Bit of moaning for you there.
My main focus is sleep, then exercise, then food. I know that food makes the difference but sleep and exercise prepare the soil, as it were.
kittycat, glad you liked the vids while recovering! I like this thought: "I must acknowledge that if I want to stay at a certain weight I need to follow same food choices that I made during my loss!!!"
Uhhh yeah... I need to remind myself of that as well. I'm going the wrong way on the scale!
Kitty, trust me, I'm no nutritional saint either. But I'm being accountable, even if it's ugly....it was very hard to come clean with my baklava and nutty bar last night....
SB, are you having the kind of, um, flotsam and jetsam that I had on my primal foray? I still like the concept, but my body rebelled. I've had a few grain free days since, but I still incorporated beans and/or sweet potatoes. Sleep is really important, that's for sure!
FP, I've always found it hard to drop pounds when actively training for a half.
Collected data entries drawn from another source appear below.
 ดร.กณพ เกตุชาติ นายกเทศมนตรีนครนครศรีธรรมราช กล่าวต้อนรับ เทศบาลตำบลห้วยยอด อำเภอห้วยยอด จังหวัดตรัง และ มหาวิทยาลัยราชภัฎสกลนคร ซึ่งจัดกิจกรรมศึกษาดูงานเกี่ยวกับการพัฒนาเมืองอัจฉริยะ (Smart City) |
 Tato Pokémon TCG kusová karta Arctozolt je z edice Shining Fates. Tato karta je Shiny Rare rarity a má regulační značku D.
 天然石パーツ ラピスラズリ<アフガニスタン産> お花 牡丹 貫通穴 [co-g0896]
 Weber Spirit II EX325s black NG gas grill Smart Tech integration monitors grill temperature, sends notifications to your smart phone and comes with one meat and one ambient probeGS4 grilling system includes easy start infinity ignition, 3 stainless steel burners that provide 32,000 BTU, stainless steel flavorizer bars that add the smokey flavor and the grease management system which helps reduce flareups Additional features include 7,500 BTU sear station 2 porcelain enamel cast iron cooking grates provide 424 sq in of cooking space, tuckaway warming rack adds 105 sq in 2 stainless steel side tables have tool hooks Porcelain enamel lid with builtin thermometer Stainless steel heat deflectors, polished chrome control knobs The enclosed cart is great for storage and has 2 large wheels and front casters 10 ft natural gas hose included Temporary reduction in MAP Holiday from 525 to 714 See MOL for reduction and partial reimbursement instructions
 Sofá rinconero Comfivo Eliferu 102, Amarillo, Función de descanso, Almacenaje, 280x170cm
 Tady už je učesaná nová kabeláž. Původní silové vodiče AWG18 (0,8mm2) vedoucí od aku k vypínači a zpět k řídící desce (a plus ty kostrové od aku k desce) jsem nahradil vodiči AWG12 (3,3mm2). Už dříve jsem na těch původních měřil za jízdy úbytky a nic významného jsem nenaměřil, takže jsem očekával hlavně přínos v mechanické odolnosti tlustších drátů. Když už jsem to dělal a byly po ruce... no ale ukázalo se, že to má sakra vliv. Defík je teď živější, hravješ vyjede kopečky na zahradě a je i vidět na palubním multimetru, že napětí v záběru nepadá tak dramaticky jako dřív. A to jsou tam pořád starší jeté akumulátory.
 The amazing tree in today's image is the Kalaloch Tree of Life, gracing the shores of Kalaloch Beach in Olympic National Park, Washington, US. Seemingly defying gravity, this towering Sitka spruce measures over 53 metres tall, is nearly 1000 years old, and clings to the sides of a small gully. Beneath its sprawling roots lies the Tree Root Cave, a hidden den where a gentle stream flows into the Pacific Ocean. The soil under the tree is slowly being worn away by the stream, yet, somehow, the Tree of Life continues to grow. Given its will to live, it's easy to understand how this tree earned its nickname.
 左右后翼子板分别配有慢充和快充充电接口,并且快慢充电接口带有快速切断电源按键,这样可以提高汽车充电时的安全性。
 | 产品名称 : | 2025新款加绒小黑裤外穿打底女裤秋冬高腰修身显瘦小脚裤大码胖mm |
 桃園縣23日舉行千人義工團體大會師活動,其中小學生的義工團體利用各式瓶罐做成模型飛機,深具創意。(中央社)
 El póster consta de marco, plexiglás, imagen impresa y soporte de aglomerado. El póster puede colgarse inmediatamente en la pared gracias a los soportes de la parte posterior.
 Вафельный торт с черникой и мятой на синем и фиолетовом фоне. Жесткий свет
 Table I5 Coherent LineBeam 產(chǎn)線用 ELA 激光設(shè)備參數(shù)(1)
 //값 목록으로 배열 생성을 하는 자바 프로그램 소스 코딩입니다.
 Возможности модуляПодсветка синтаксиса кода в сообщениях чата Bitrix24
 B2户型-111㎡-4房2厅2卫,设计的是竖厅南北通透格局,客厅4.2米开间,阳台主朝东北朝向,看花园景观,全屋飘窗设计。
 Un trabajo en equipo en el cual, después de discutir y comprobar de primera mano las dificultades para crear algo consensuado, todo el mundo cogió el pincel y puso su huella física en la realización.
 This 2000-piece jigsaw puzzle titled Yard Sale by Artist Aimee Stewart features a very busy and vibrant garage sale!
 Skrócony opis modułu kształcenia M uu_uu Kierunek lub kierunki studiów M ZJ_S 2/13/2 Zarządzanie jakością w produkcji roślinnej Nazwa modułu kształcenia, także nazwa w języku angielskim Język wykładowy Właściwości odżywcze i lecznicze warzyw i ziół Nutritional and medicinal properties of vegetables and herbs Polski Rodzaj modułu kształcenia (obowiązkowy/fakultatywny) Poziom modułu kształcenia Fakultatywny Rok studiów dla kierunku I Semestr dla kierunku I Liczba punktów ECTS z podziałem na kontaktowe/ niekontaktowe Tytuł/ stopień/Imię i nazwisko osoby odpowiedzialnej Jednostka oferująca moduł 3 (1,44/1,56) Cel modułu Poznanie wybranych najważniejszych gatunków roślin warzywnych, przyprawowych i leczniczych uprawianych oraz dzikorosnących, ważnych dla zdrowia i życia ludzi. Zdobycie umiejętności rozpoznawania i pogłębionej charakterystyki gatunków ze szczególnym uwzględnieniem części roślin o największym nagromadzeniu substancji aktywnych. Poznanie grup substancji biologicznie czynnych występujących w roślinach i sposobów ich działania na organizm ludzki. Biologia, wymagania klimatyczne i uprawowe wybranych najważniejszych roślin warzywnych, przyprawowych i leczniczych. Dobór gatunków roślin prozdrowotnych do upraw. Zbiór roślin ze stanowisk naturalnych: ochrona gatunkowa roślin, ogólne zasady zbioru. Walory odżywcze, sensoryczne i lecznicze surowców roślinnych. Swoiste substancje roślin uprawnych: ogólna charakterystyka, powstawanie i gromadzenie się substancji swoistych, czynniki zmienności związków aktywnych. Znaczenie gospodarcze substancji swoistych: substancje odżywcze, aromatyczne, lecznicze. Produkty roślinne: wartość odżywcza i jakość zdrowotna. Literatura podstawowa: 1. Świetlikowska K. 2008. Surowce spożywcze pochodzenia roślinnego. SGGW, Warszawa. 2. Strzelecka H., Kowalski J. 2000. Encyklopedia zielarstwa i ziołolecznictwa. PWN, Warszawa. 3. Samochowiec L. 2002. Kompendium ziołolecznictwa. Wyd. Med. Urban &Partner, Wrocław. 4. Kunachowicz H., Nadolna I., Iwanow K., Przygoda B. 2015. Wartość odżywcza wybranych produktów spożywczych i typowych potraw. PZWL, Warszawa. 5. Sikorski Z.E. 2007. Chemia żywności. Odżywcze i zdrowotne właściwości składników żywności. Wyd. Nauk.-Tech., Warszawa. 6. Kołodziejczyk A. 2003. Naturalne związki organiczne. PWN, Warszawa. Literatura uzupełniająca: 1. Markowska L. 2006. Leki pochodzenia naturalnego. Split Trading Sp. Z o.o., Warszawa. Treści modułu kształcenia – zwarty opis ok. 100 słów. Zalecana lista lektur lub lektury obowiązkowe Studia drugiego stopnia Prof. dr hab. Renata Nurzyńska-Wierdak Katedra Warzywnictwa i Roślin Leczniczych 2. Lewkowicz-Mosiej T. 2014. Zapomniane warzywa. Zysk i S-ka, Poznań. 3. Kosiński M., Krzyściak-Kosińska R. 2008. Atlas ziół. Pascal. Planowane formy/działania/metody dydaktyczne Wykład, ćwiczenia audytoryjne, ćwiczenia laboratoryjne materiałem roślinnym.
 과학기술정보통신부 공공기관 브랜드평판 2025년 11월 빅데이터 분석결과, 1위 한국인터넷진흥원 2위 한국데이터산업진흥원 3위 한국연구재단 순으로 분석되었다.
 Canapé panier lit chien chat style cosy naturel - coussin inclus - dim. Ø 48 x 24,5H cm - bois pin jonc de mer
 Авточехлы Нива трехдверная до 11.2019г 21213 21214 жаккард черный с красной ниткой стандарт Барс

In fact, my lean mass goes down and my body fat % goes up, although the scale stays the same.
Thanks midwife and Shannon. I had a suspicion that this would happen. I bounce around a lot, not really gaining significantly but I'll get down to my low weight of 132 and bounce right back up. I'll be glad when the HM is over so I can make another push to get some pounds off. I just find it impossible to eat like I used to without starving.